AVAILABLE DATA: Begin

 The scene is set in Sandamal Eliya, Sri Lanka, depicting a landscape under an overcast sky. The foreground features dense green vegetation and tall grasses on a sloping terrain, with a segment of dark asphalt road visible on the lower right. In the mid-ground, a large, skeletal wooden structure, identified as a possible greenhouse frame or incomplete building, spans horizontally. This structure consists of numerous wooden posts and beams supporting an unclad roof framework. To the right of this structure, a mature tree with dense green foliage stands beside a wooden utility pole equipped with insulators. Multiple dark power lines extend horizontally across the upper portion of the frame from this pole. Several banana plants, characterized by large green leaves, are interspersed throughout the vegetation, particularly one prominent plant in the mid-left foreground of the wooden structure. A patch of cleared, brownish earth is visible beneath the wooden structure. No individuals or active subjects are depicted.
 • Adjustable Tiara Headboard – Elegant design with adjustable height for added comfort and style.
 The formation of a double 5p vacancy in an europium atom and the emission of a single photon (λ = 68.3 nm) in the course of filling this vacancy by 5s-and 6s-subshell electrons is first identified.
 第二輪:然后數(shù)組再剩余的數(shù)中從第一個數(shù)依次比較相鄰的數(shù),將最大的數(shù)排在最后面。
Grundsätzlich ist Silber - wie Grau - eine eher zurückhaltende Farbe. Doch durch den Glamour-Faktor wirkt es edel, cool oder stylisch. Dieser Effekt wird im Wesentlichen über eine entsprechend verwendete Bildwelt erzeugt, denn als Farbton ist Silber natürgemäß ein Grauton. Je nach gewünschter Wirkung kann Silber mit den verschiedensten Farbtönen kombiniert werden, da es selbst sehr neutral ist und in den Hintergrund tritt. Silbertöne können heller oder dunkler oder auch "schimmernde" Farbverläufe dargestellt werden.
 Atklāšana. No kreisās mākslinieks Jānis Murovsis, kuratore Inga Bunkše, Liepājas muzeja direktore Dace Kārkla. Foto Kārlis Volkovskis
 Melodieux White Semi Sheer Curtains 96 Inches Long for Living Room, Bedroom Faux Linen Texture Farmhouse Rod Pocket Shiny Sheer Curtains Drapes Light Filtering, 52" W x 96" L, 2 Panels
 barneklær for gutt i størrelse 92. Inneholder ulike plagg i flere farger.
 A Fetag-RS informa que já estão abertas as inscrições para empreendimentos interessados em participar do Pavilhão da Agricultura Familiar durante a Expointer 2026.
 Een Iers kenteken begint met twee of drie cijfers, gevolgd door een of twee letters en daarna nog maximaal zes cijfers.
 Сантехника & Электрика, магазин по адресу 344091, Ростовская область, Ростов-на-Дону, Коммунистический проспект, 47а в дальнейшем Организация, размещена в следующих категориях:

AVAILABLE DATA: End

-- DIRECTIONS --
The lines needed are those in the data above that hold the string "identified"; copy each of them.

-- WORKED SOLUTION --
 The scene is set in Sandamal Eliya, Sri Lanka, depicting a landscape under an overcast sky. The foreground features dense green vegetation and tall grasses on a sloping terrain, with a segment of dark asphalt road visible on the lower right. In the mid-ground, a large, skeletal wooden structure, identified as a possible greenhouse frame or incomplete building, spans horizontally. This structure consists of numerous wooden posts and beams supporting an unclad roof framework. To the right of this structure, a mature tree with dense green foliage stands beside a wooden utility pole equipped with insulators. Multiple dark power lines extend horizontally across the upper portion of the frame from this pole. Several banana plants, characterized by large green leaves, are interspersed throughout the vegetation, particularly one prominent plant in the mid-left foreground of the wooden structure. A patch of cleared, brownish earth is visible beneath the wooden structure. No individuals or active subjects are depicted.
 The formation of a double 5p vacancy in an europium atom and the emission of a single photon (λ = 68.3 nm) in the course of filling this vacancy by 5s-and 6s-subshell electrons is first identified.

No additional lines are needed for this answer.